The functions in `table_1.py` then search through for these specific tags and replace them with the appropriate values.
This allows us to minimise the risk of introducing errors, and use a simple function in a loop to write each cell of the sheet.
### How To Run the Advanced Project
1. Open `main.py`
2. Comment out the lines which call the other projects:
```python
#easy_project.make_excel_output()
#medium_project.make_excel_output()
```
by adding `#` to the beginning of each line
3. Run
```bash
python main.py
```
in the terminal.
### What the Advanced Project is Appropriate For
This project is more specific than the other two. It is appropriate for adapting to produce NHS England publications which contain a heavily formatted, high-level, summary sheet.

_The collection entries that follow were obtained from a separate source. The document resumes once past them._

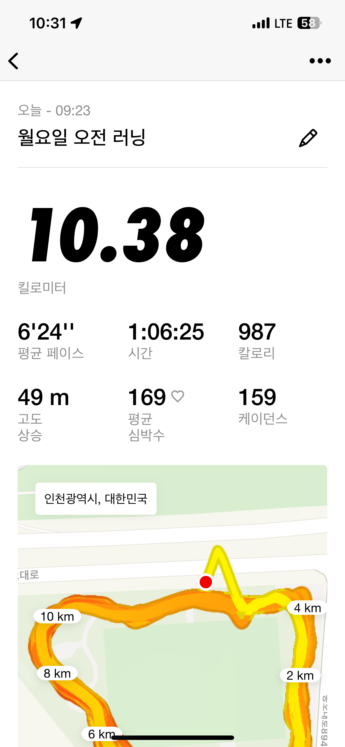 | 4.28 | 월 | 러닝 | 10.38km | 1:06:25 |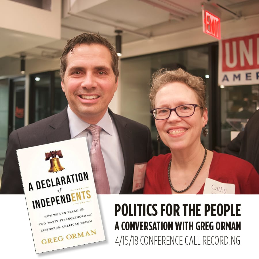We just finished reading Greg Orman’s book, A Declaration of Independents: How We Can Break the Two-Party Stranglehold and Restore the American Dream. On Sunday, April 15th we spent an hour with Greg talking about his current independent campaign for Governor of Kansas; the lessons he learned in his independent run for US Senate in 2014, and much more.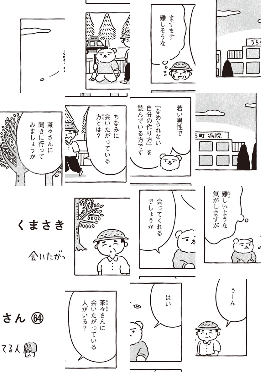 (毎週月・金曜日更新)たこ焼きと掃除を愛するくまさきさんは、毎朝せっせとうらら町の落ち葉はき。コワモテの喫茶店マスター、くせ毛の女の子、忘れっぽいマンガ家、地図の読めない不動産屋さん……くまさきさんと町の人々がくりひろげる、和みのショートコミック!

### How To Adapt the Advanced Project
This involved more work than adapting the other two projects.
We will deal only with how to adapt the summary page, the `Table 1` sheet, since the other sheets are equivalent to those in the 'medium' project.
1. Make a copy of the publication which you are trying to automate. Leave all of the headers and column names intact, but delete all of the numbers/data from the cells.
2. Next, fill those empty cells with written tags which correspond meaningfully to the data which will be written there. This is less laborious than it might look; using the column names to populate the tags, and copious amounts of copy-pasting, you can populate your template in < 10 minutes.
The data used to populate `Table 1` in the example project is specifically written for this purpose; every cell tag combined with a `month` yields a single value. Writing your CSV data in this format makes it much easier to incorporate into this pipeline, and save you from having to write much logic here.
If your summary sheet is formatted in a way similar to the example, then you will be able to implement it without changing too much of the code. You will need to create an equivalent to `cell_1_tags.py`, and populate it with the tags from your project.
You might also need to replace `month` with whichever index it is that you are iterating over, and adjust the logic accordingly.